◆ **Entries shown**

BEGIN

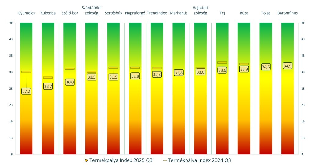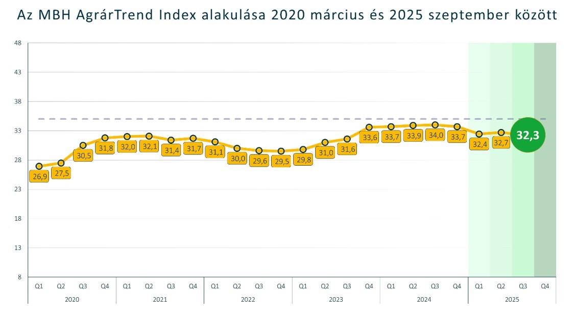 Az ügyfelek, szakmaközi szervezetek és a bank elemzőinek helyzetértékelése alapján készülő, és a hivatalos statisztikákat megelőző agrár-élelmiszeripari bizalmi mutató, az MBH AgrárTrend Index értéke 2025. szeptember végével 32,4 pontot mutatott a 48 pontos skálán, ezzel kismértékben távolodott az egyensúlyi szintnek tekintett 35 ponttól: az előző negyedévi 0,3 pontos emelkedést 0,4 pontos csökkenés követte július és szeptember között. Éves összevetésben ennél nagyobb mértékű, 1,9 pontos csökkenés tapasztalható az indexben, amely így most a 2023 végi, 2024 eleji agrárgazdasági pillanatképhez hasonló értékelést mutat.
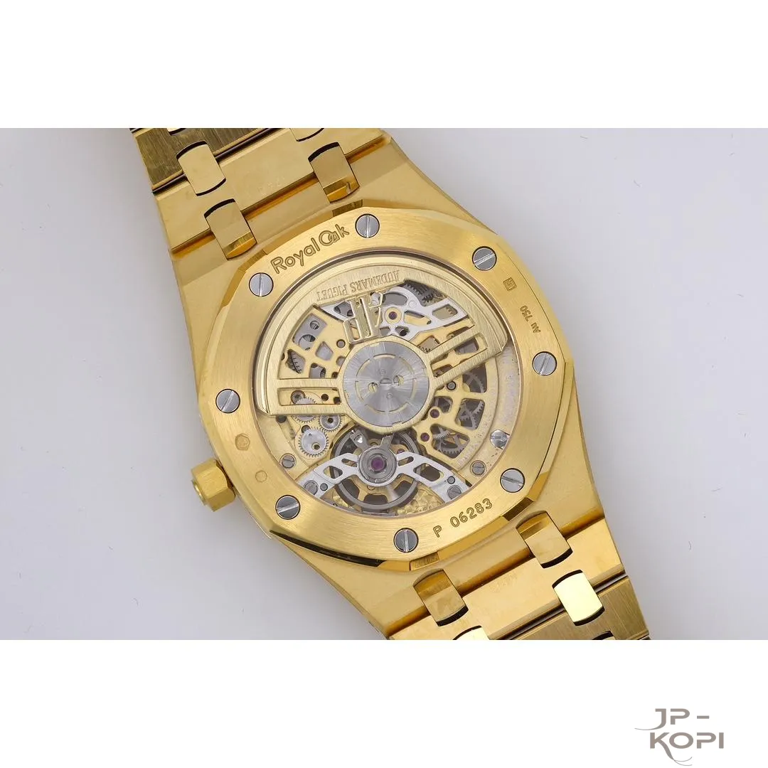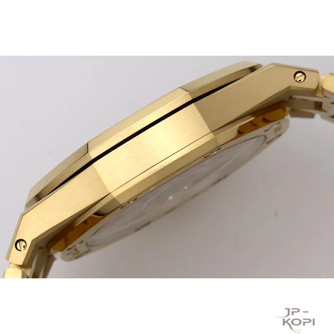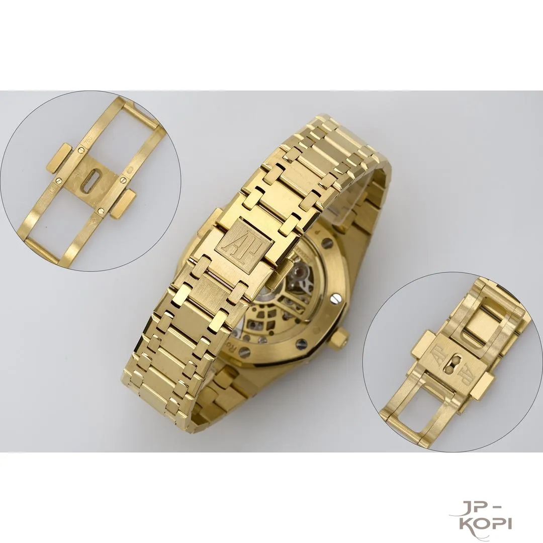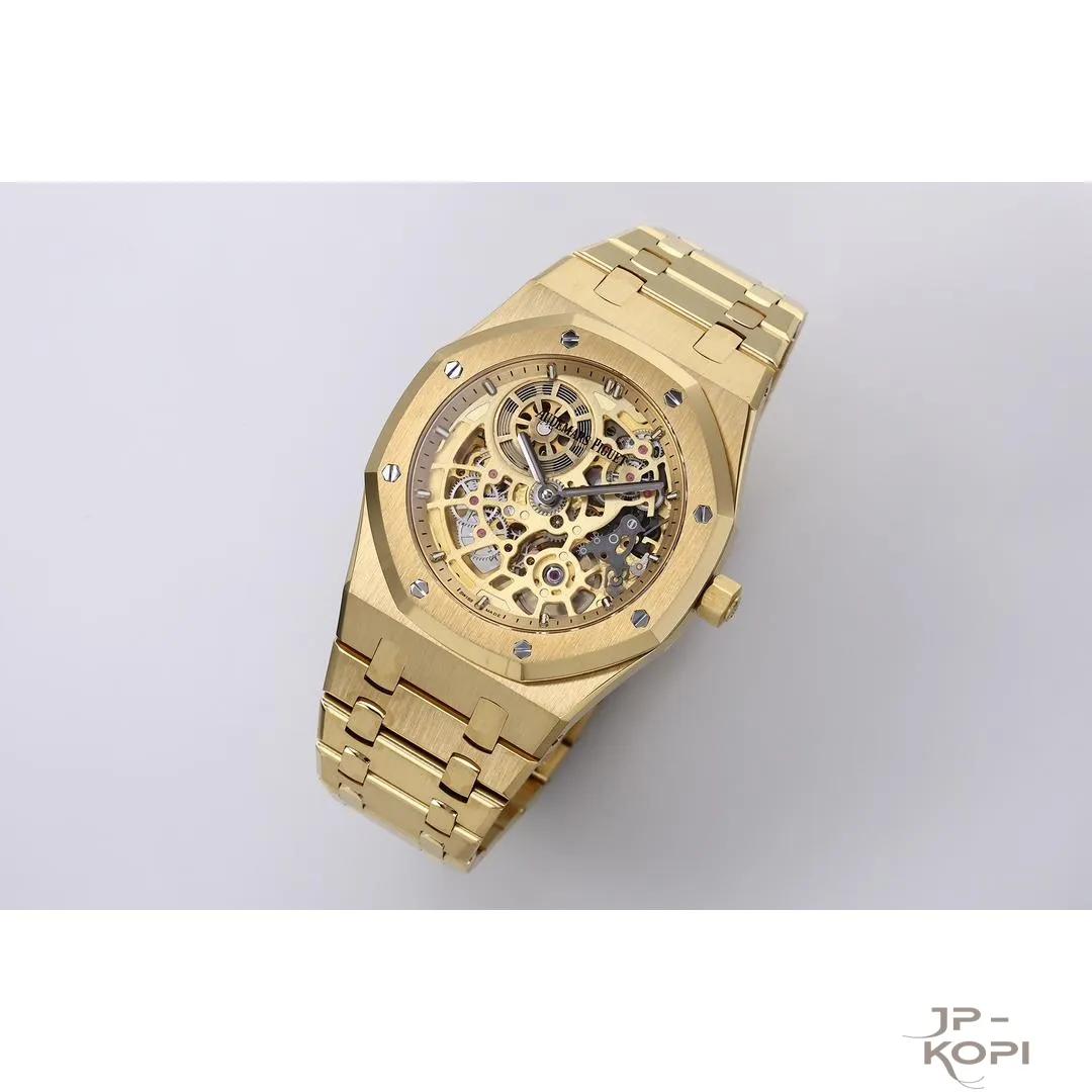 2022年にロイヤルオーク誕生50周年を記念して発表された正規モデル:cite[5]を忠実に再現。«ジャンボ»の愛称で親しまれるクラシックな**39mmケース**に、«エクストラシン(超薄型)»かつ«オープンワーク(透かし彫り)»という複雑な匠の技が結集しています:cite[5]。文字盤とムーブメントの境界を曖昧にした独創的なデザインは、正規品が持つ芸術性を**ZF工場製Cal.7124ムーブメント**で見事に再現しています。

END
BEGIN

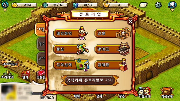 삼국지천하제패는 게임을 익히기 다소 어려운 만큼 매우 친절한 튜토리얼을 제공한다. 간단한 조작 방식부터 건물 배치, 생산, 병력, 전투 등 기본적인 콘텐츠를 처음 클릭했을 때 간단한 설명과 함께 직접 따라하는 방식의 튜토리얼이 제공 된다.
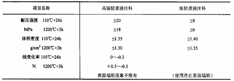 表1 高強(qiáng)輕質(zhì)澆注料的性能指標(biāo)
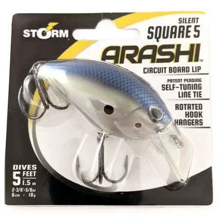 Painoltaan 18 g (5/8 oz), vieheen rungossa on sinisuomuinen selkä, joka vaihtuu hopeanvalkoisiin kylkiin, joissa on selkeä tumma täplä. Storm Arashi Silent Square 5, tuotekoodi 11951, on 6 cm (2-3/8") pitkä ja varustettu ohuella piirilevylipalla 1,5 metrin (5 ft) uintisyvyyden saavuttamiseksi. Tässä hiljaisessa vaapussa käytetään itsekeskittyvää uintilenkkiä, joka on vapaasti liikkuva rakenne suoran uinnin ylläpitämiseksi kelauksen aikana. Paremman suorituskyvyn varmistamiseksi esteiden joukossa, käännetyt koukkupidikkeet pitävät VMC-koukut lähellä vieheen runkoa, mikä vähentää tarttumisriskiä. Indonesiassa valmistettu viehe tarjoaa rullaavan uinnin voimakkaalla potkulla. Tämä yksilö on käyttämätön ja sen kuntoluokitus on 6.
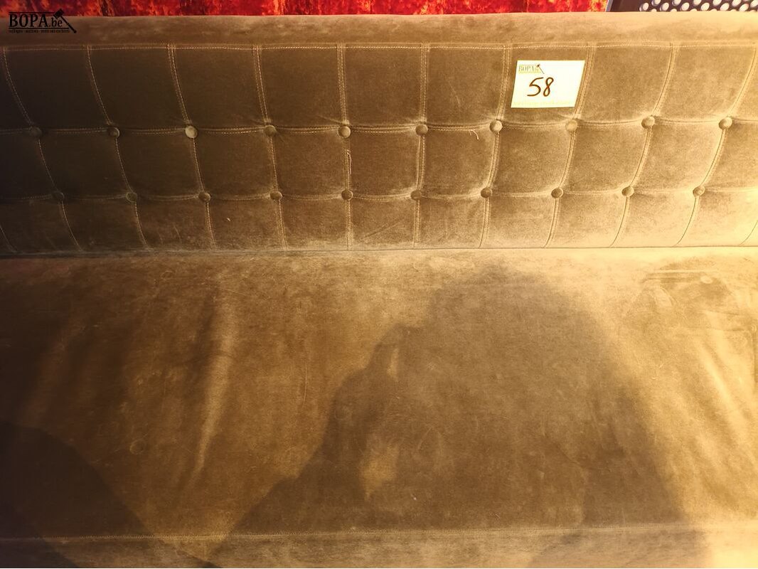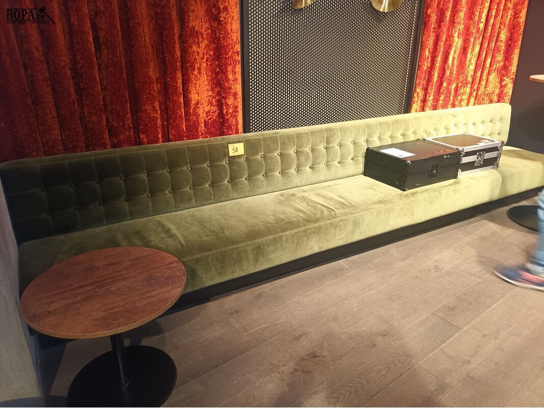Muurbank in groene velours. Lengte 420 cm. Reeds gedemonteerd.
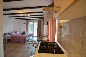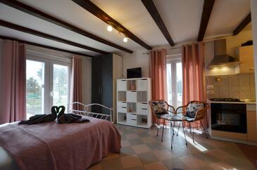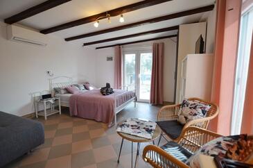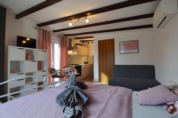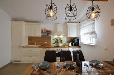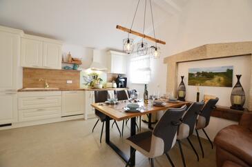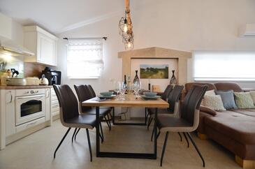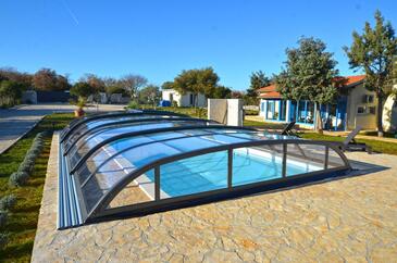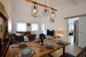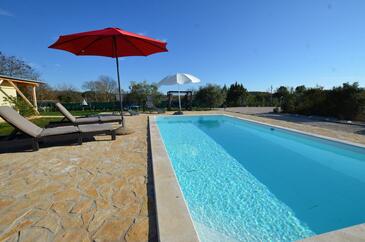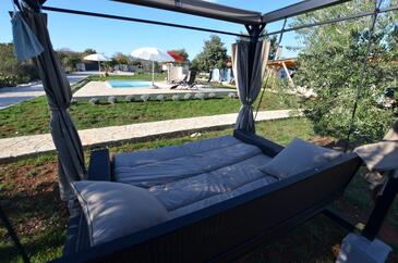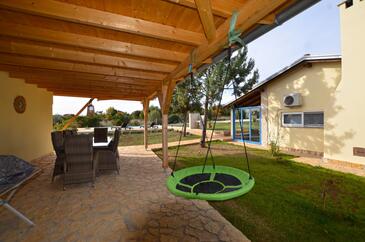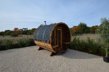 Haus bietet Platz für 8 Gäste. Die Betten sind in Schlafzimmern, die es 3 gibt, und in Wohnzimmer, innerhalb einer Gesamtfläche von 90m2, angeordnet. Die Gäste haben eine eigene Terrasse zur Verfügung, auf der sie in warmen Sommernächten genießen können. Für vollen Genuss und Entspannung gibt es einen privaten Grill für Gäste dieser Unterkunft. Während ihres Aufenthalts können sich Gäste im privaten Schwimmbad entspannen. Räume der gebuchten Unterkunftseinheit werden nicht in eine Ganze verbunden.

END

◆ **Activity**
Line for line, output the entries above from the line with "Az ügyfelek, szakmaközi" to the line with "2022年にロイヤルオーク誕", both included, and nothing more. Skip pictures.

◆ **Finished exercise**
 Az ügyfelek, szakmaközi szervezetek és a bank elemzőinek helyzetértékelése alapján készülő, és a hivatalos statisztikákat megelőző agrár-élelmiszeripari bizalmi mutató, az MBH AgrárTrend Index értéke 2025. szeptember végével 32,4 pontot mutatott a 48 pontos skálán, ezzel kismértékben távolodott az egyensúlyi szintnek tekintett 35 ponttól: az előző negyedévi 0,3 pontos emelkedést 0,4 pontos csökkenés követte július és szeptember között. Éves összevetésben ennél nagyobb mértékű, 1,9 pontos csökkenés tapasztalható az indexben, amely így most a 2023 végi, 2024 eleji agrárgazdasági pillanatképhez hasonló értékelést mutat.
 2022年にロイヤルオーク誕生50周年を記念して発表された正規モデル:cite[5]を忠実に再現。«ジャンボ»の愛称で親しまれるクラシックな**39mmケース**に、«エクストラシン(超薄型)»かつ«オープンワーク(透かし彫り)»という複雑な匠の技が結集しています:cite[5]。文字盤とムーブメントの境界を曖昧にした独創的なデザインは、正規品が持つ芸術性を**ZF工場製Cal.7124ムーブメント**で見事に再現しています。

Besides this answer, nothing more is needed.